→ **What the task requires**
Restate word for word the entries below, starting at the line with "7-in-1 Multifunctional Design: Tricycle, Push" and ending at the line with "plot([ seq([p[i], q[i]], i=1..10)". Keep both end lines and omit the pictures.

→ **Stored data**
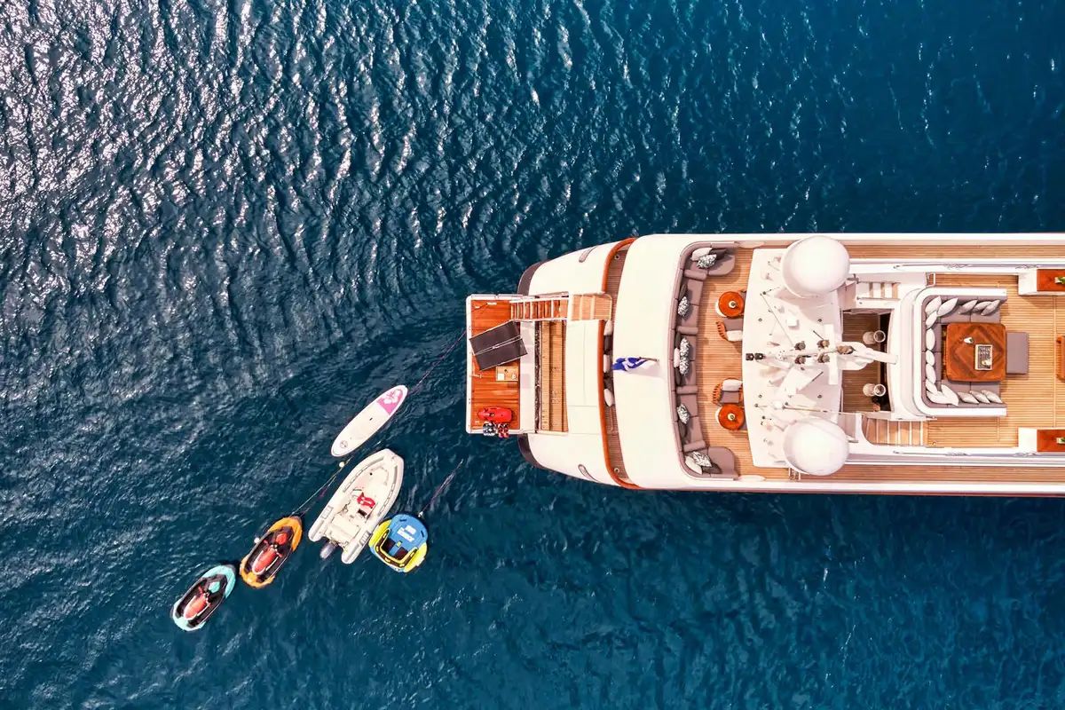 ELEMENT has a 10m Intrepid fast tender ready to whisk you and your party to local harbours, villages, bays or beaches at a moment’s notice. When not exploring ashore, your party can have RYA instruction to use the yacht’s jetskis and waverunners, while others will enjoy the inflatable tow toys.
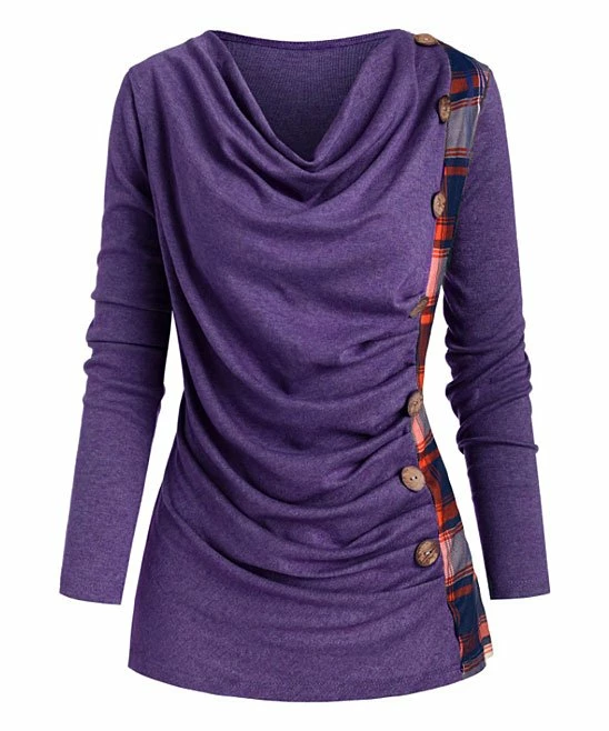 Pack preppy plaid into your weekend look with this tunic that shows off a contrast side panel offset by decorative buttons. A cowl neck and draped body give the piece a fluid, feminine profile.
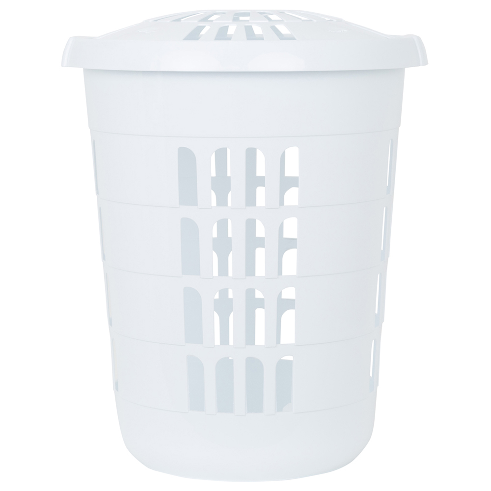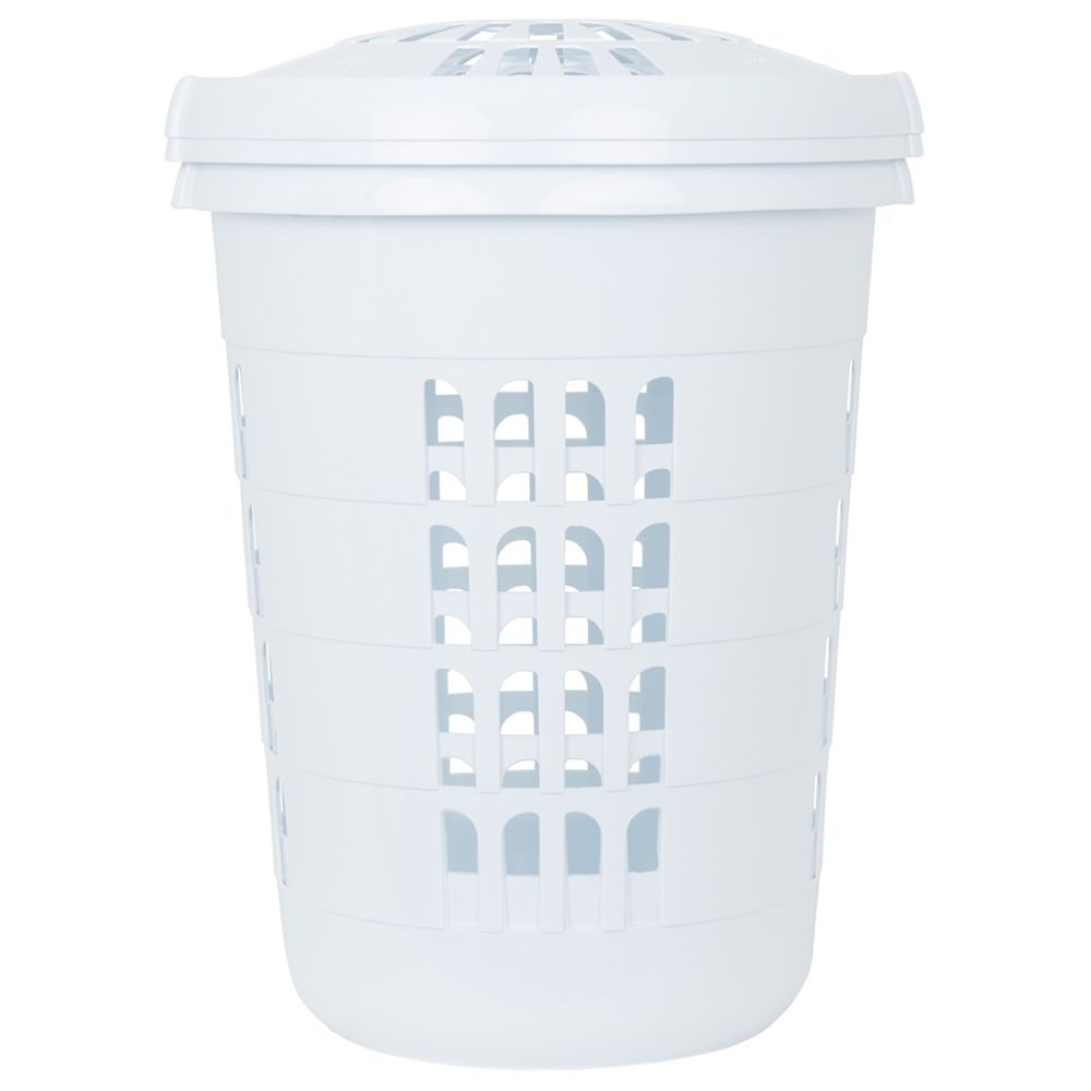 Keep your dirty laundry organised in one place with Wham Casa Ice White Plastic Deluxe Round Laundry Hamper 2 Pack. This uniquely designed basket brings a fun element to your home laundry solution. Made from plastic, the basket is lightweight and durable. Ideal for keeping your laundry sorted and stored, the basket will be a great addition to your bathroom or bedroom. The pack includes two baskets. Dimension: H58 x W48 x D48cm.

...

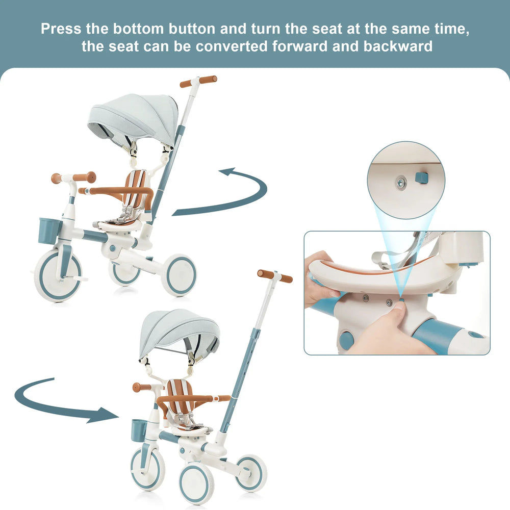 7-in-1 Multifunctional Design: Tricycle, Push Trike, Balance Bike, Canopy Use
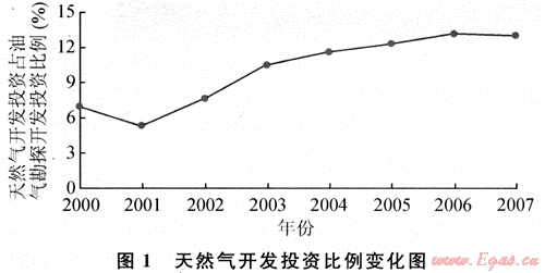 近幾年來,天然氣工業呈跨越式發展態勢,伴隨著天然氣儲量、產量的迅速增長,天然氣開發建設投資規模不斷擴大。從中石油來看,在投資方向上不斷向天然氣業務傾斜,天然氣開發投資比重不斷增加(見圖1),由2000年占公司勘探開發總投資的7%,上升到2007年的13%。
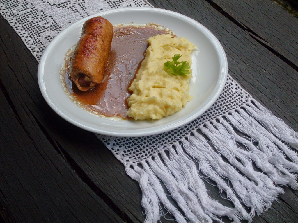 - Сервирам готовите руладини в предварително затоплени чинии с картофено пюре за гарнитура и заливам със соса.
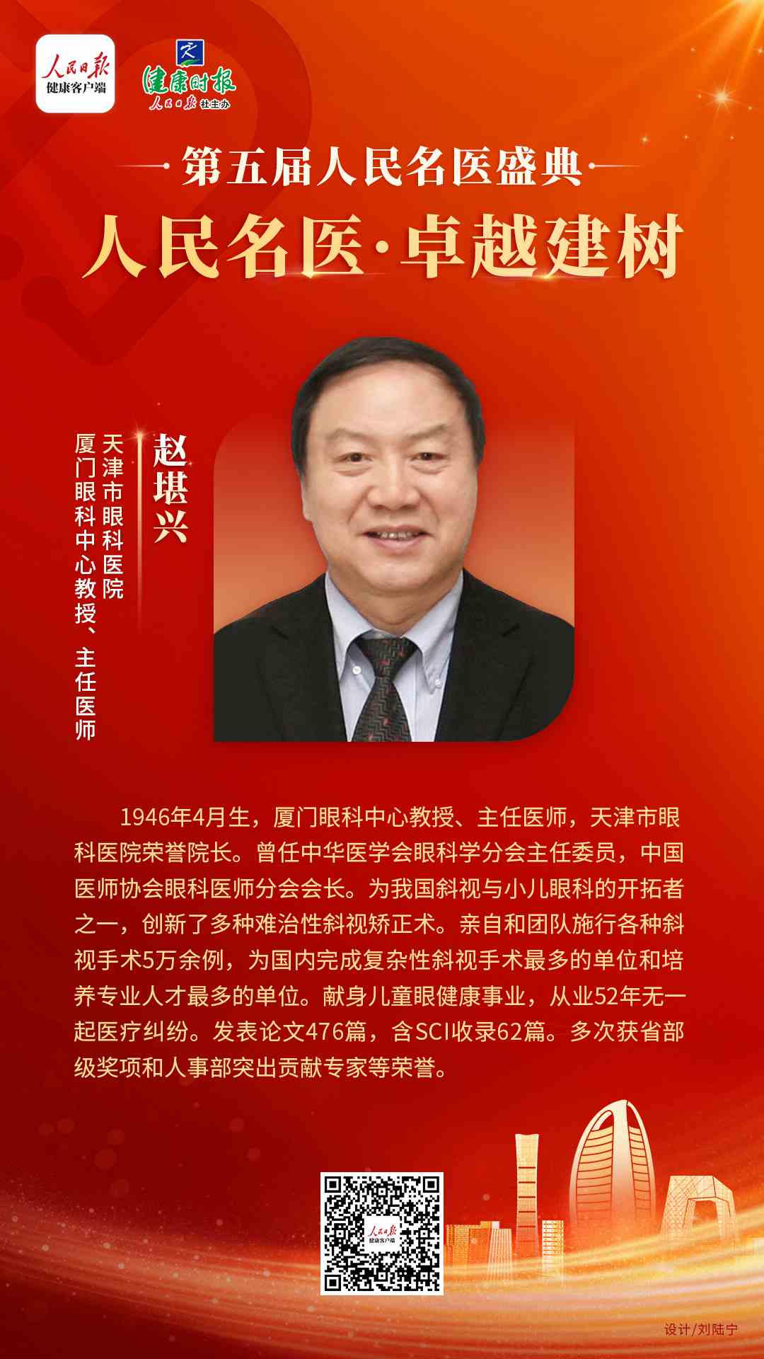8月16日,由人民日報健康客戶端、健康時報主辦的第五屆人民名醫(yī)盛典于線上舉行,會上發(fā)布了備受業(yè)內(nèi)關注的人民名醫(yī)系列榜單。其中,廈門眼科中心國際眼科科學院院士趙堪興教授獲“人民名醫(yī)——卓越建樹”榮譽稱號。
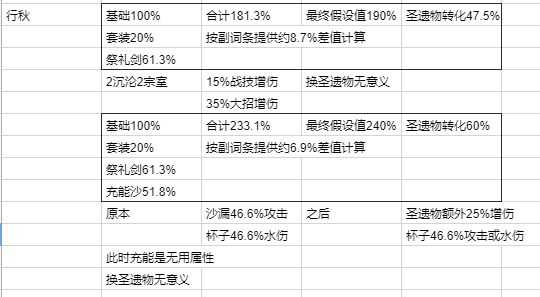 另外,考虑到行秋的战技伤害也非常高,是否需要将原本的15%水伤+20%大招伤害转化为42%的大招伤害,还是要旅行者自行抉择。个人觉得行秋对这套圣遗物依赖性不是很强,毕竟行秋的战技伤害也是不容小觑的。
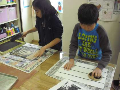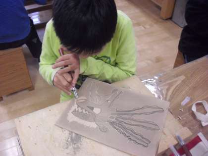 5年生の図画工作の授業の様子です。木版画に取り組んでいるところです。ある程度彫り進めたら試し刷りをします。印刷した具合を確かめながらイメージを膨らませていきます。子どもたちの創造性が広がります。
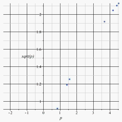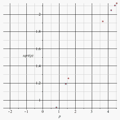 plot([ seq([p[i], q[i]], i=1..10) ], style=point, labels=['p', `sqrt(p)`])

→ **Result of the task**
 7-in-1 Multifunctional Design: Tricycle, Push Trike, Balance Bike, Canopy Use
 近幾年來,天然氣工業呈跨越式發展態勢,伴隨著天然氣儲量、產量的迅速增長,天然氣開發建設投資規模不斷擴大。從中石油來看,在投資方向上不斷向天然氣業務傾斜,天然氣開發投資比重不斷增加(見圖1),由2000年占公司勘探開發總投資的7%,上升到2007年的13%。
 - Сервирам готовите руладини в предварително затоплени чинии с картофено пюре за гарнитура и заливам със соса.
8月16日,由人民日報健康客戶端、健康時報主辦的第五屆人民名醫(yī)盛典于線上舉行,會上發(fā)布了備受業(yè)內(nèi)關注的人民名醫(yī)系列榜單。其中,廈門眼科中心國際眼科科學院院士趙堪興教授獲“人民名醫(yī)——卓越建樹”榮譽稱號。
 另外,考虑到行秋的战技伤害也非常高,是否需要将原本的15%水伤+20%大招伤害转化为42%的大招伤害,还是要旅行者自行抉择。个人觉得行秋对这套圣遗物依赖性不是很强,毕竟行秋的战技伤害也是不容小觑的。
 5年生の図画工作の授業の様子です。木版画に取り組んでいるところです。ある程度彫り進めたら試し刷りをします。印刷した具合を確かめながらイメージを膨らませていきます。子どもたちの創造性が広がります。
 plot([ seq([p[i], q[i]], i=1..10) ], style=point, labels=['p', `sqrt(p)`])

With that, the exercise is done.